Heterogeneous computing platforms combining general-purpose processing elements with different accelerators (such as GPU or FPGAs) are ideally suited for efficient processing of compute-intensive data analytics kernels. In this chapter, we focus on the acceleration of data analytics kernels on heterogenous computing systems with FPGAs. The introduction of FPGAs in the context of data analytics is negatively impacted by the difficulty in programming such systems given the increasing complexity of FPGA-based accelerators.
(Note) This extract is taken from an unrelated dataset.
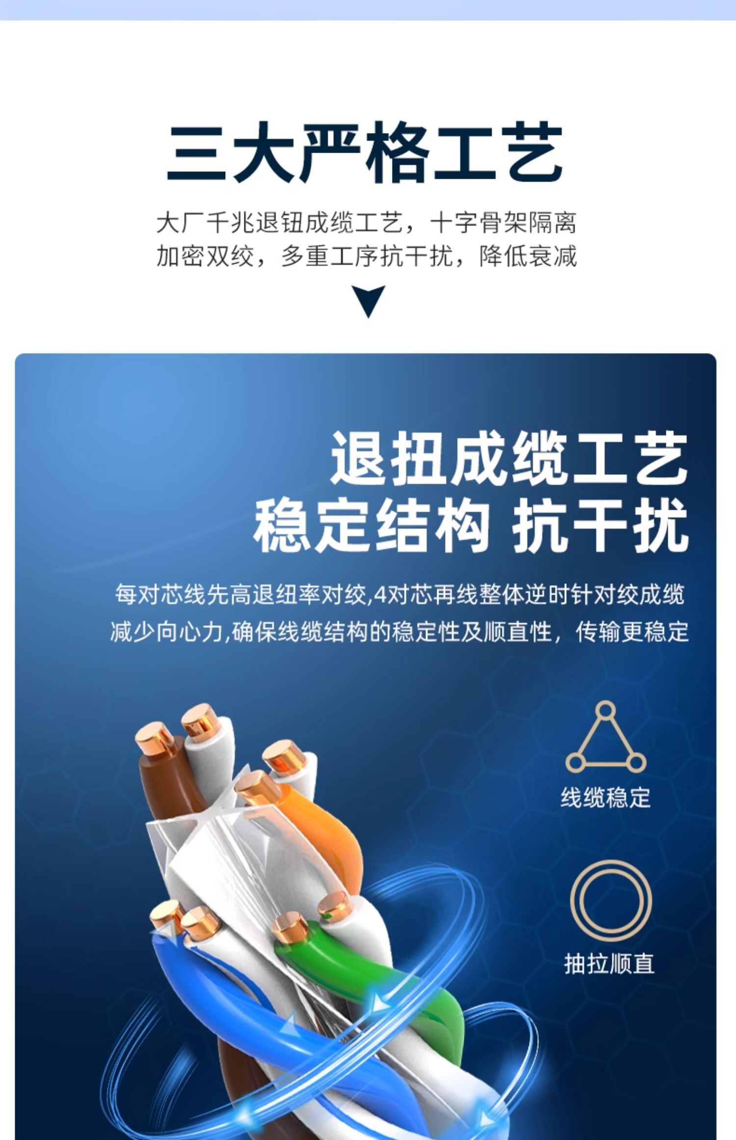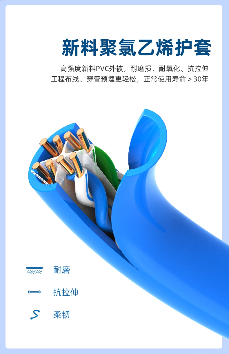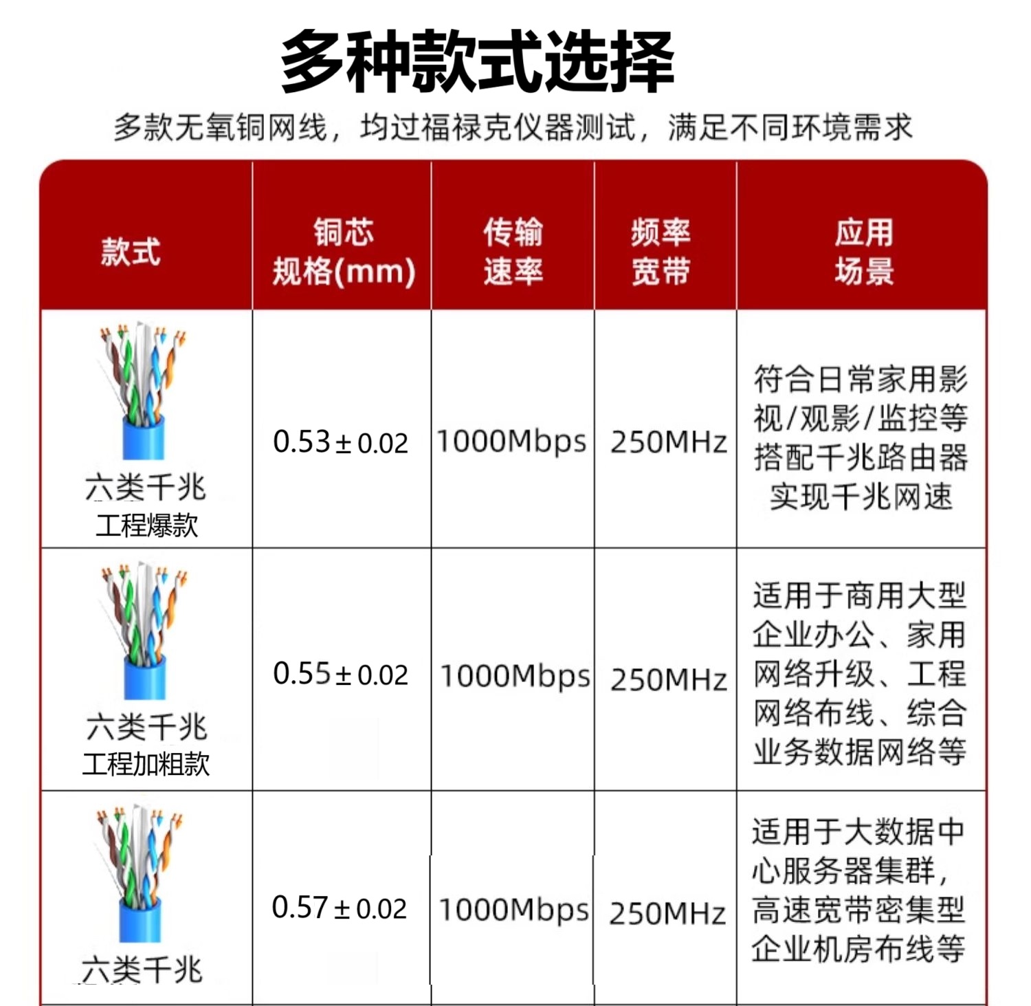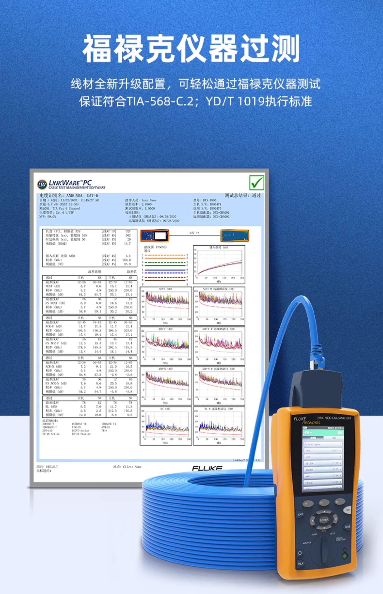 主推@工程包检【过专业网分仪+FLUKE福禄克测试】六类千兆非屏蔽CAT6e UTP4对双绞线POE供电 监控工程传输250米千兆高速传输数据中心机房网络布线一站式采购

This makes high-level synthesis (HLS) an attractive solution to improve designer productivity by abstracting the programming effort above register-transfer level (RTL). HLS offers various architectural design options with different trade-offs via pragmas (loop unrolling, loop pipelining, array partitioning). However, non-negligible HLS runtime renders manual or automated HLS-based exhaustive architectural exploration for implementation of the kernels practically infeasible. To address this challenge, we have developed Lin-Analyzer, a high-level accurate performance analysis tool that enables rapid design space exploration with various pragmas for FPGA-based accelerators without requiring RTL implementations. We show how Lin-Analyzer can enable easy but performance efficient implementation of computational kernels from a variety of data analytics applications onto FPGA-based heterogeneous systems.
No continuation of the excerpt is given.